Cooper will be 13 weeks old tomorrow, and today I took him to his first Endurance ride with me. I had initially arranged a puppy sitter for the day but that fell through, and I was concerned about taking him as he tends to be very vocal when he can't get to me.

I needn't have worried! A friend did drop by and take care of him for me whilst I rode (I was out nearly 2.5 hours) but she had him tied up at her float (horse trailer) and he was happy as larry. Watched all the horses and people with keen interest, no barking, no whining. Happily chewed on his toys and pigs ear.

When my ride finished she brought him back to me, and sure enough he was happy to sit there, hop in or out of my car as he pleased (tied up on a long ish rope), and was quiet- even when I was out of eyesight. I was over the moon.

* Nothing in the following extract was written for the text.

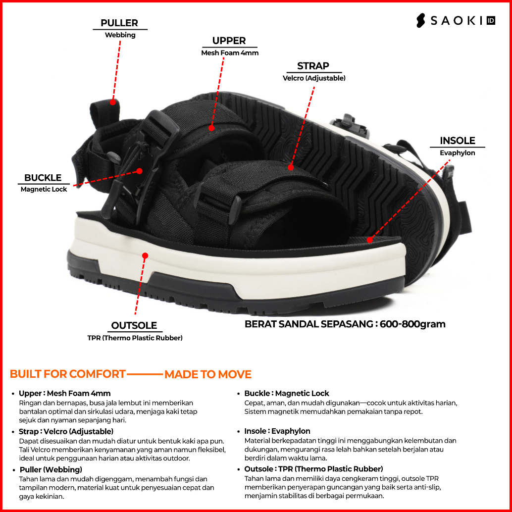 Saoki - Sandal Slop Pria Traveling Sendal Gunung Wanita Slip On Warden Black
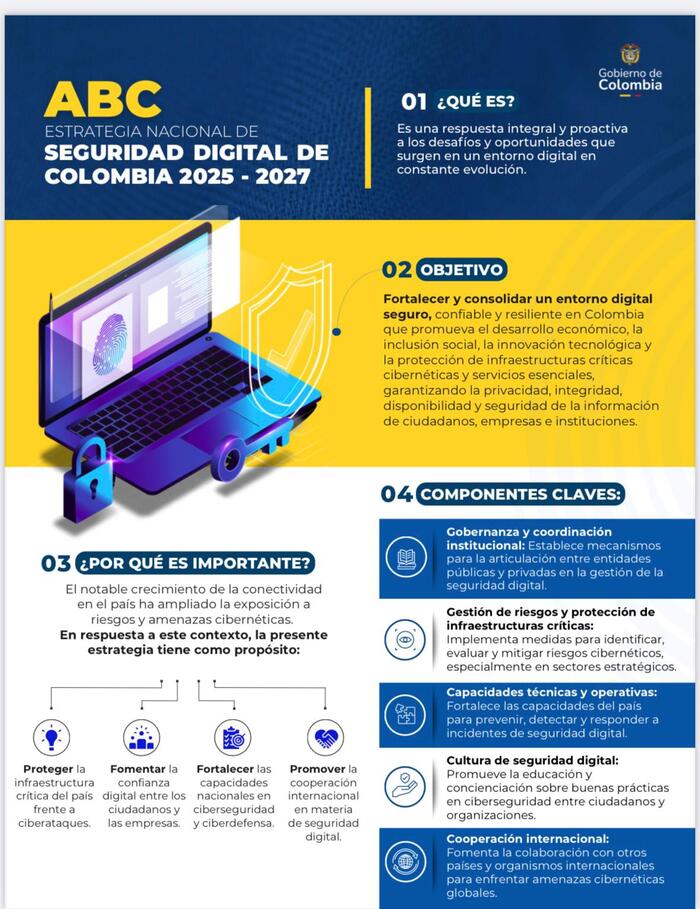 Entre sus objetivos está hacer frente al crítico aumento de ciberamenazas que sufre el país, ya que, durante 2024, Colombia enfrentó cerca de 36.000 millones de intentos de afectación, siendo el segundo país más atacado de Latinoamérica, con el 17% de los intentos. Estos ataques afectaron especialmente a los sectores financiero, salud y energético.

He slept the entire drive back as well (hour and a half).

I didn't take any photos of him today (should have!) but this is him yesterday, both his ears are pointing one way at the moment!!









So yeah just a little brag but I am super super proud of my smart pup, and so happy that he is everything I wanted.


----------



## Castlemaid (Jun 29, 2006)

Nice!!! Looks like he is becoming very confident - he knew you'd come back for him!

Hope you enjoyed the ride, and what a nice feeling to know that you can take him anywhere, and he'll just chill and go with the flow. Very nice for a young pup!


----------



## Nigel (Jul 10, 2012)

I agree with Lucia, he sounds like a confident pup!


----------



## dogma13 (Mar 8, 2014)

Nice day for both of you!Keep up the good work!


----------